(Entries taken from a collection)
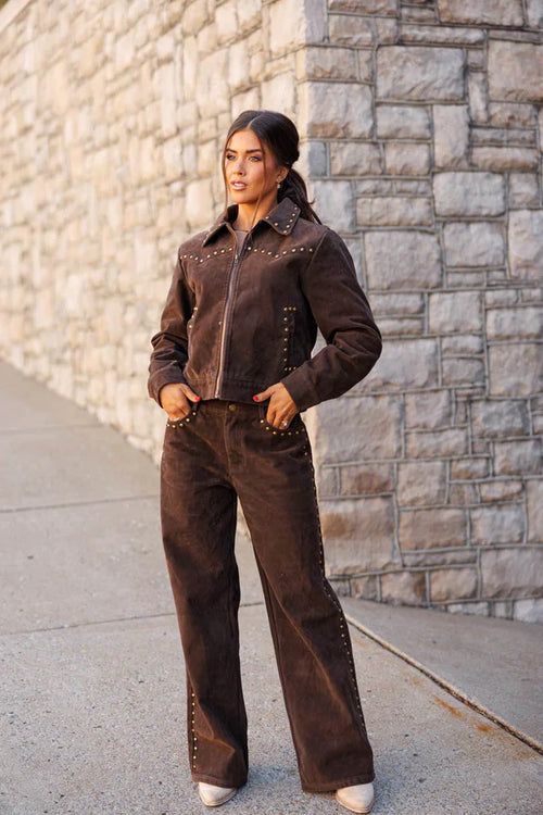 Latte Western Printed Wide Leg Pants -
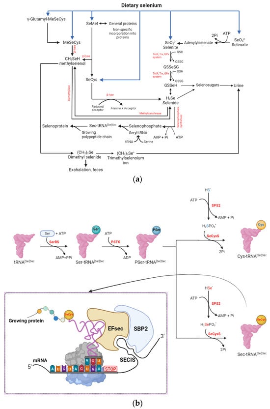 - Minich, W.B. Selenium metabolism and biosynthesis of selenoproteins in the human body. Biochemistry 2022, 87, S168–S177. [Google Scholar] [CrossRef] [PubMed]
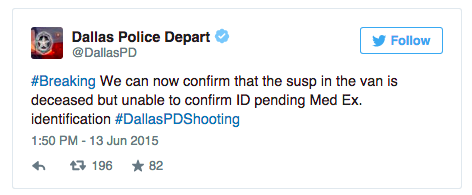 On @mashable: Dallas Police Department shoot out June 12, 2015 https://youtube.com/watch?v=tmL6vWvHn8M … #SavedYouAClick
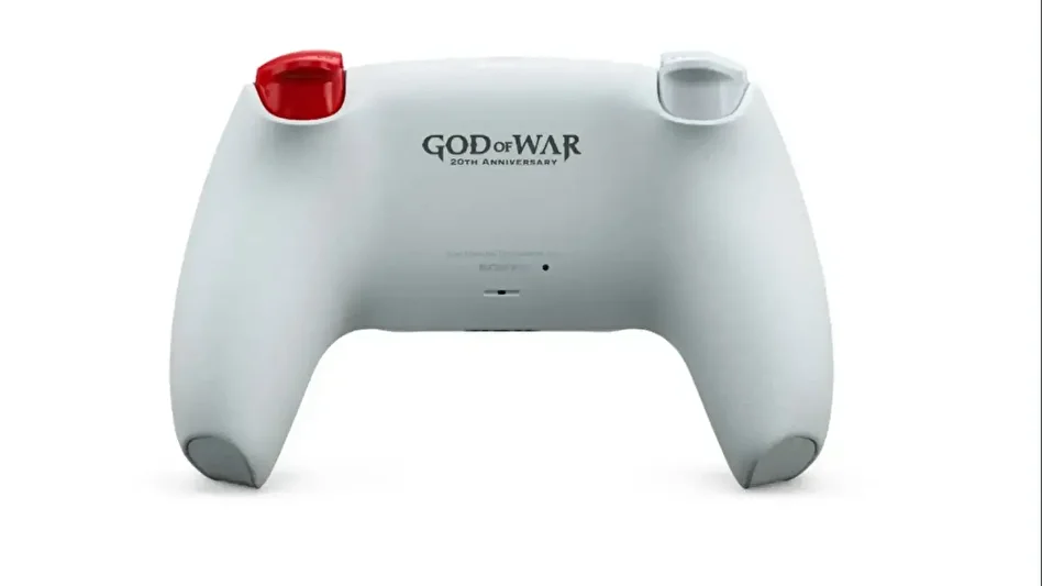 Özel tasarımda Kratos’un yüz dövmesini simgeleyen kırmızı şerit, beyaz gövdenin üzerinde dikkat çekiyor. Yüz düğmeleri beyaz zemin üzerine kırmızı sembollerle tasarlanırken, D-pad ise beyaz zemin üzerinde kırmızı ok işaretleriyle geliyor. Arka yüzünde ise God of War 20. Yıl Dönümü logosu yer alıyor.
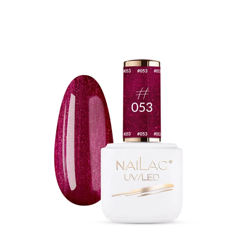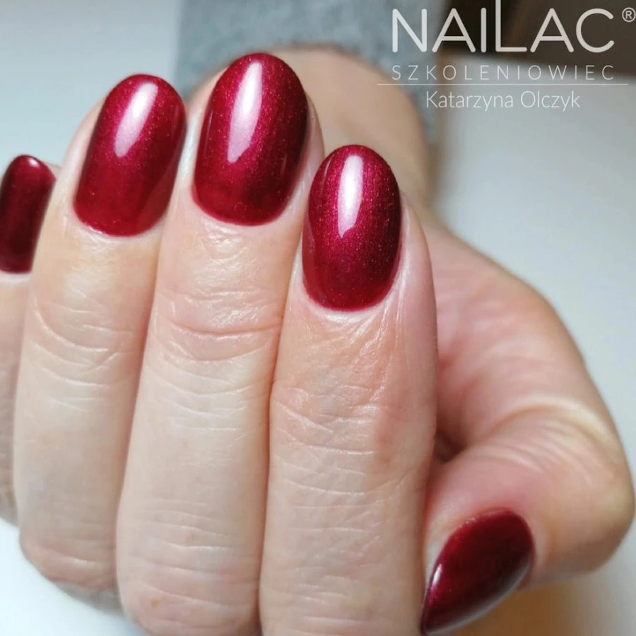 Nailac hybrid polish, color #053, cherry-colored, subtly illuminated with cherry particles. The shade #053 is autumn elegance, which is often associated with shades of burgundy and cherry, and if we add millions of shiny particles – it will be not only elegant, but also effective.
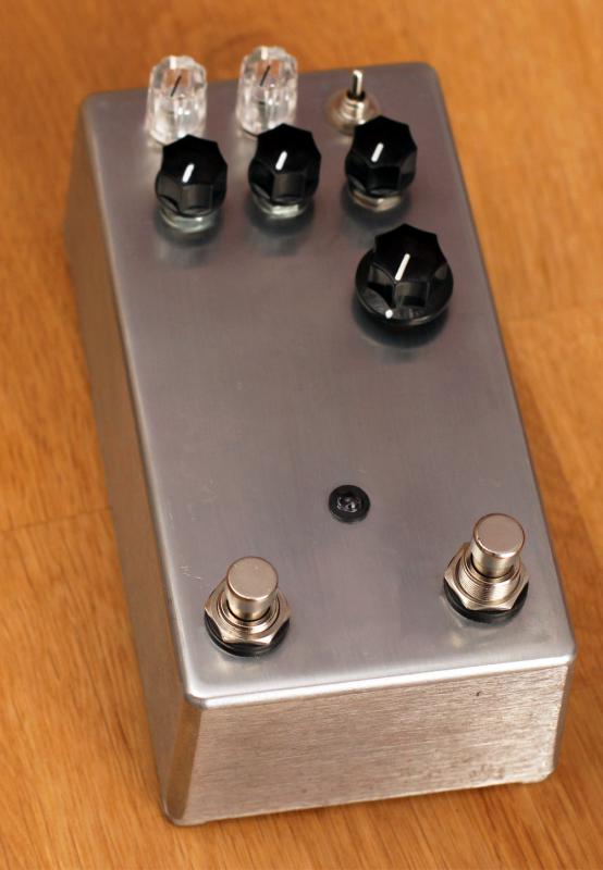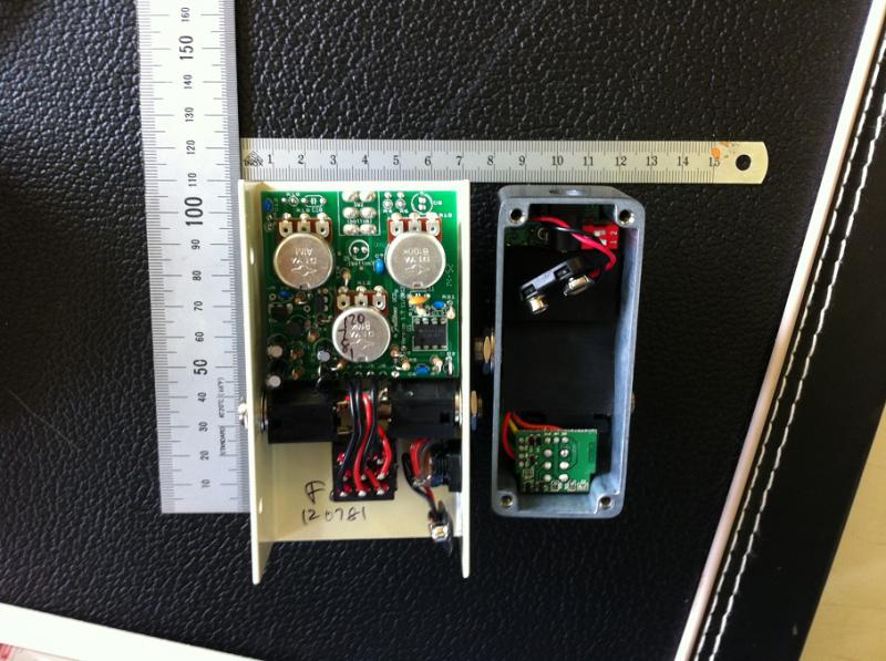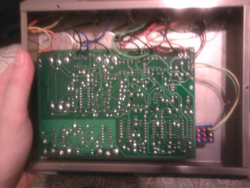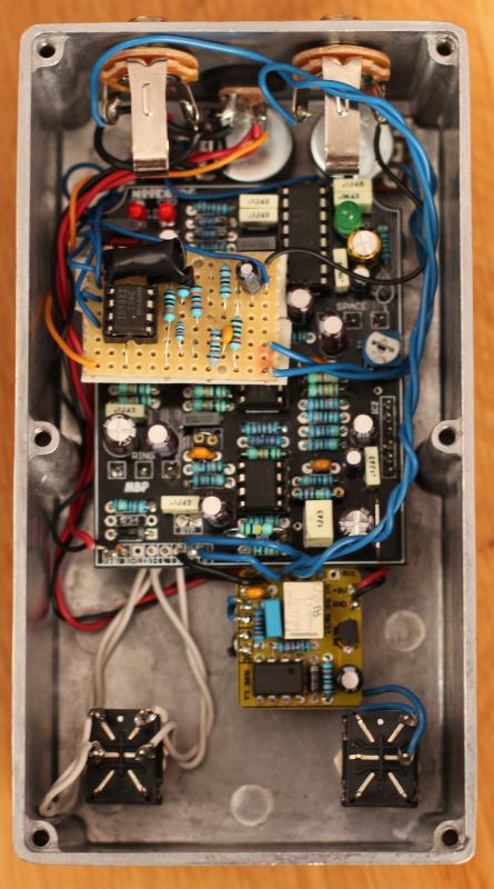 Le câblage n'est pas des plus propres, il était nickel avant d'ajouter le vero de modulation... J'ai juste eu la place d'ajouter les deux potards et le switch.
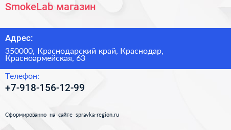 SmokeLab, магазин по адресу 350000, Краснодарский край, Краснодар, Красноармейская, 63 в дальнейшем Организация, размещена в следующих категориях:
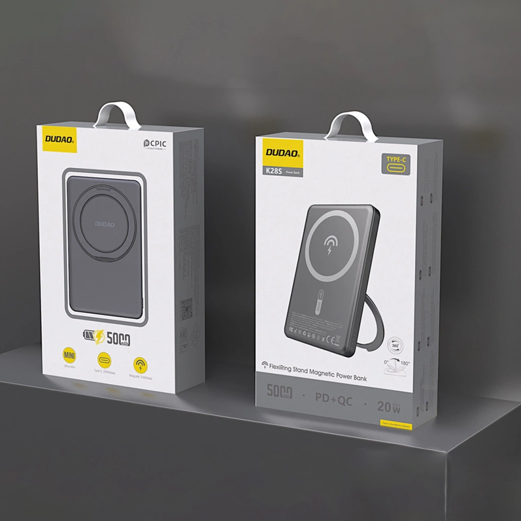 Powerbank Dudao K28S 20W PD 5000mAh z MagSafe i podstawką - szary
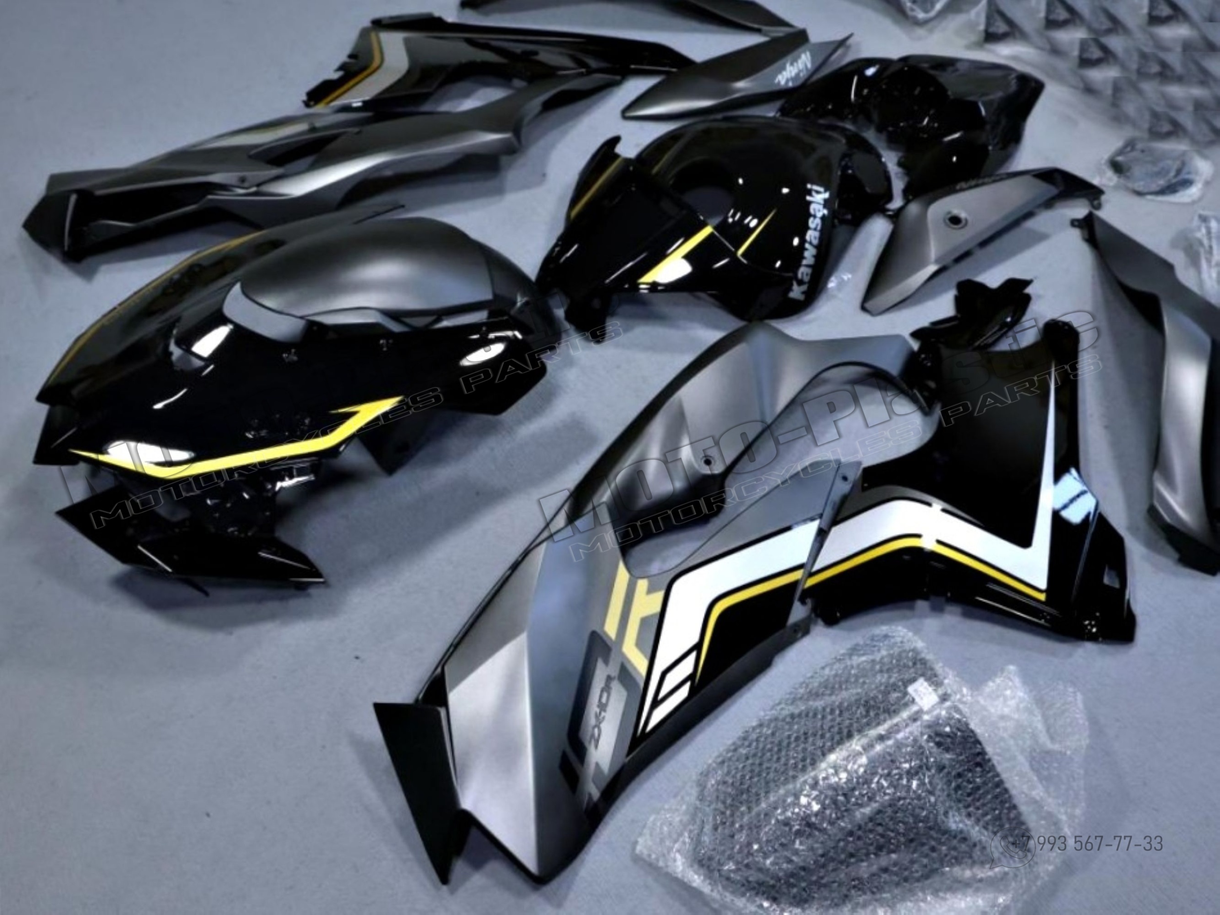 Комплект пластика Kawasaki ZX-10R 2021-2023 Черный Серый Желтый Белый
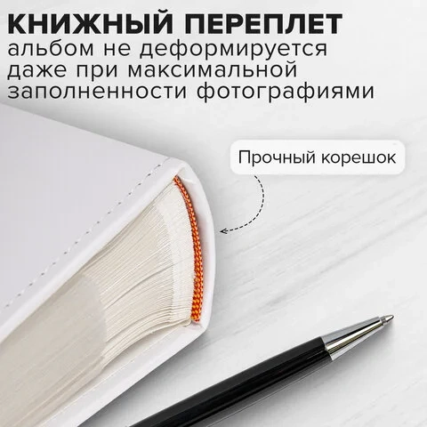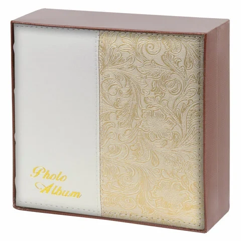 Фотоальбом BRAUBERG на 300 фото 10х15 см, под кожу, бумажные страницы, бокс, белый+золото, 391117
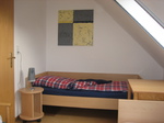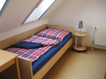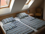 In der 1. Etage befinden sich ein Schlafzimmer mit Doppelbett und Kleiderschrank (mit kleinem Tresor) und ein weiteres Schlafzimmer mit zwei Einzelbetten, Kleiderschrank und Sitzgelegenheit. Alle Fenster in den Schlafräumen sind mit Jalousien zur Verdunkelung und Fliegenschutzgittern ausgestattet.
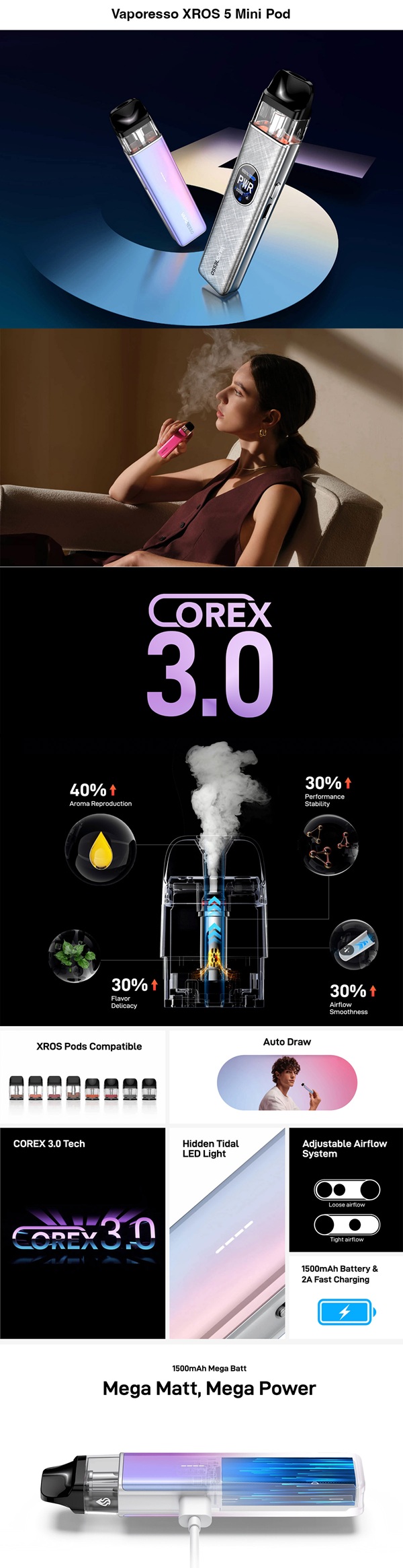 O Vaporesso XROS 5 Mini Pod System é uma variante compacta do XROS 5, ideal para usuários que buscam desempenho excepcional em um formato mais portátil. Este modelo também utiliza a tecnologia COREX 3.0 para proporcionar uma reprodução de aroma mais rica, sabor delicado e uma experiência de vaporização mais suave — tudo isso com uma bateria de 1500mAh e controle de fluxo de ar ajustável. A principal diferença é que o XROS 5 Mini não possui a grande tela HD de 0,88 polegadas encontrada no XROS 5 padrão, tornando-o ainda mais compacto e fácil de transportar no bolso. Ele ainda suporta carregamento rápido de 3A, garantindo que você possa recarregar rapidamente e voltar a desfrutar da sua vaporização.

**Required work:** Exactly as they appear, please return only the lines from the first line of the records through the line containing "- Minich, W.B.", both included, leaving out all pictures.

**Reply to the exercise:**
 Latte Western Printed Wide Leg Pants -
 - Minich, W.B. Selenium metabolism and biosynthesis of selenoproteins in the human body. Biochemistry 2022, 87, S168–S177. [Google Scholar] [CrossRef] [PubMed]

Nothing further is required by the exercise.